“I have wept in the night
For the shortness of sight
That to somebody’s need made me blind;
But I never have yet
Felt a tinge of regret
For being a little too kind.”
-Unknown, but attributed to C.R. Gibson
This little poem popped up as a “memory” in my Facebook feed this weekend. I shared it last year for the Light The World campaign and, hey, it’s #LightTheWorld again, so I’ll share it again because I love it. I’ve recently spent time thinking about kindness as three experiences gave me cause to pause.
Kindness from others
Some of you have read my “house” blogs wherein I have complained about the vortex in the neighborhood that sucks leaves from everywhere and deposits them in my driveway or on my front lawn. Some of them actually are from my tree, but it really can’t be dropping THAT many.
I’ve mostly kept up with the leaves along the way this year. But leaves continue to fall all the time, of course. Much to my surprise, when I arrived home from work a few weeks ago, I discovered all the leaves in my front yard were gone. There were clear lines of a lawn mower having passed over the lawn which had sucked/mulched all the leaves away. Someone had come over and cleared my leaves that day. I literally started crying at how grateful I was. It’s actually not a big deal for me to rake the leaves. And I usually count it as my “exercise” because I’m exceedingly lazy in the fall/winter. But it wasn’t just the leaves…it was that someone noticed and someone cared and someone found a way to reach out to extend kindness. I didn’t deserve it and there are many, many more people who need more help than I do. I know I can certainly do it on my own. But I was SO GRATEFUL. It meant a lot to have someone reach out. (And yes, I found out who it was because some people are just not sneaky enough for my detective skills.)
Kindness from God
Last week was a bit of a doozy at work. You know those weeks? Where you just can’t even? Toward the end of the week, I was already past the point of frustration when someone messed up a project which caused me extra work and added frustration. And…I was not kind in how I handled the situation. So me being me I spiraled into a pit of how stupid I am for not handling the situation better.
I was in such a mood. But I kept praying to Heavenly Father to help me kick it and get back in a good place. (and figure out a way to ask for forgiveness).
Thankfully, that evening, I was unexpectedly asked to watch my nieces and nephew. They came over and we had so much fun playing together. (Ironically, they wanted to play the game of “Life”. I wanted to tell them it’s not all that great to really play “life”, but I joined the game instead. Besides, in that “life” I got married, had 2 sets of twins, and was a pro athlete…so I really can’t complain). My nieces and nephew were an answer to prayer. They cheered me up and reminded me of the good things in life.

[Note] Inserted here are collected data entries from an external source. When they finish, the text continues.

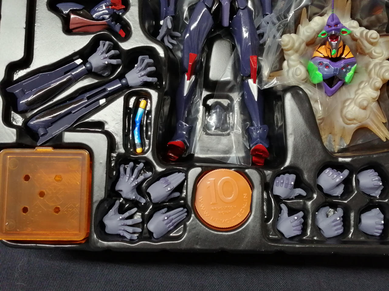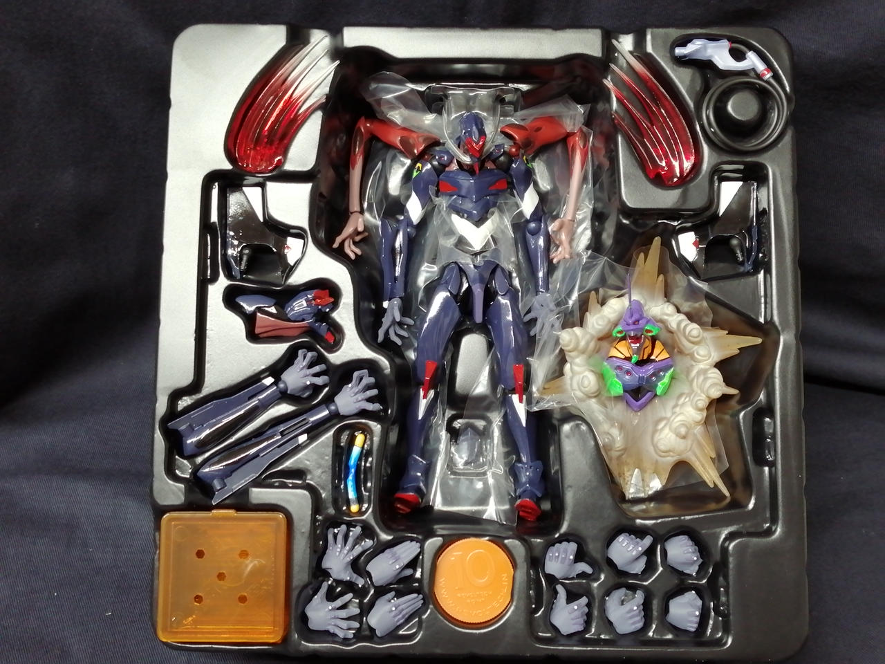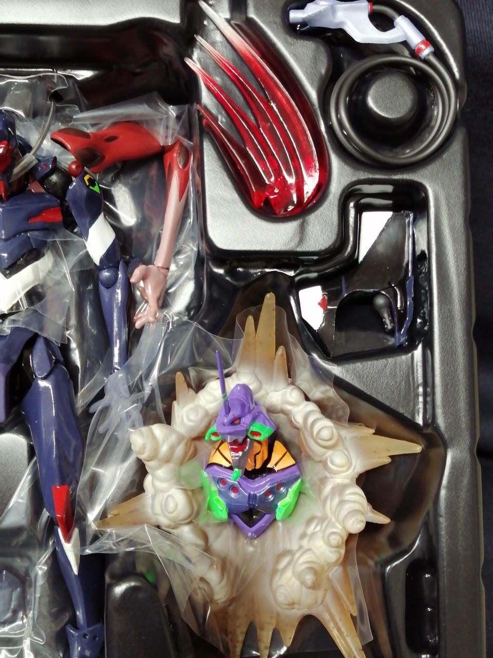 パンフレット、お知らせ、台座一式、交換用パーツ一式、エフェクトパーツ、初号機ディスプレイ、大破したエントリープラグ、アンビリカルケーブル、肩部ウェポンラック×2、リボチップ |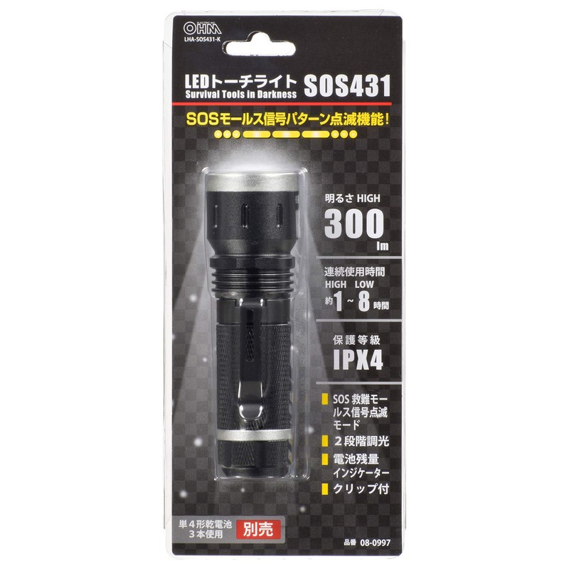 OHM LHA-SOS431-K LED Torch Light with SOS Morse Signal Flashing Function 300lm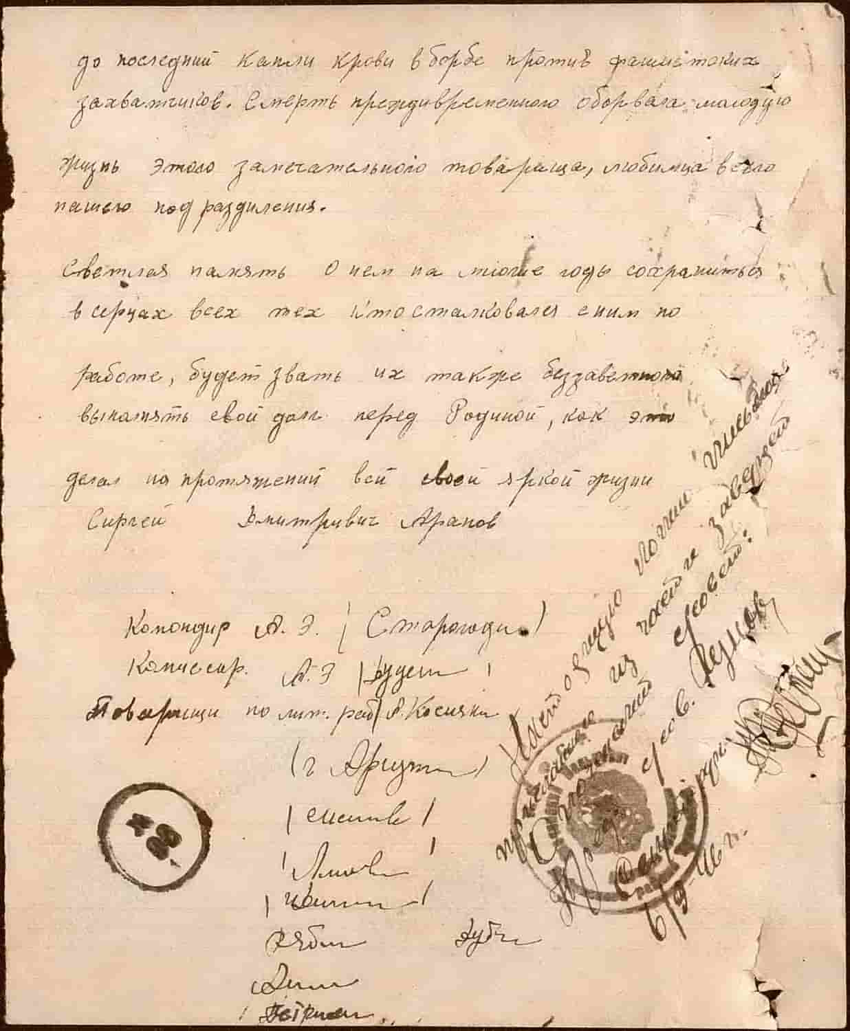 22 марта 1943 года старшина Арапов Сергей Дмитриевич погиб при исполнении служебных обязанностей. Обстоятельства гибели неизвестны.

The point? I did NOT deserve that kindness from God. I hadn’t been kind to others that day and there was no reason for him to answer my prayer for someone to be kind to me. But He did answer. And He extended His kindness even when I didn’t deserve it.
Extending kindness to others
You know those people at the store who talk to the cashiers and get into a conversation and make your wait in the line longer? Well…I’m one of those people. I love talking to people, asking how their day is going, and hopefully helping them feel a little bit better about life and more connected to people.
This past weekend, I had to return and exchange a few things at a local retail store. I chatted with two cashiers while there. Both of the cashiers were working their second job that day. They had just gotten off their first jobs and had come to that one. That’s their normal routine–2 jobs a day. One has 2 kids and another on the way. The other is a young gal just trying to get by.
The lines were long and many were frustrated with how slow things were going. And I spent time chatting. Note: When you chat with the cashiers, they do actually slow down a bit as they talk and share. And I like that. Sorry to those behind me in line. 🙂
It didn’t really cost me anything in those moments to chat with a stranger and ensure they were having an OK day. It didn’t cost me anything to extend empathy and compassion. I have worked two and even three jobs before (not full-time on all, so I don’t fully understand), but many of us have been there. And it makes a difference when people are kind.
I have so often been offered kindness from God and from others, and I feel a need to return that kindness wherever I can. Even when we or others may not always be “deserving” of kindness, we all need it. We crave it and we are benefited by it.
I am reminded of one of my favorite quotes from President Howard W. Hunter that reminds me of how to be more kind, especially at Christmas. Kindness is the gift I want to give this Christmas.
“This Christmas, mend a quarrel. Seek out a forgotten friend. Dismiss suspicion and replace it with trust. Write a letter. Give a soft answer. Encourage youth. Manifest your loyalty in word and deed. Keep a promise. Forgo a grudge. Forgive an enemy. Apologize. Try to understand. Examine your demands on others. Think first of someone else. Be kind. Be gentle. Laugh a little more. Express your gratitude. Welcome a stranger. Gladden the heart of a child. Take pleasure in the beauty and wonder of the earth. Speak your love and then speak it again” (Howard W. Hunter, The Gifts of Christmas, First Presidency Christmas Devotional, December 2002).
This is beautiful Liz!!! And for the record, you are one of the kindest people I know and love. Merry Christmas!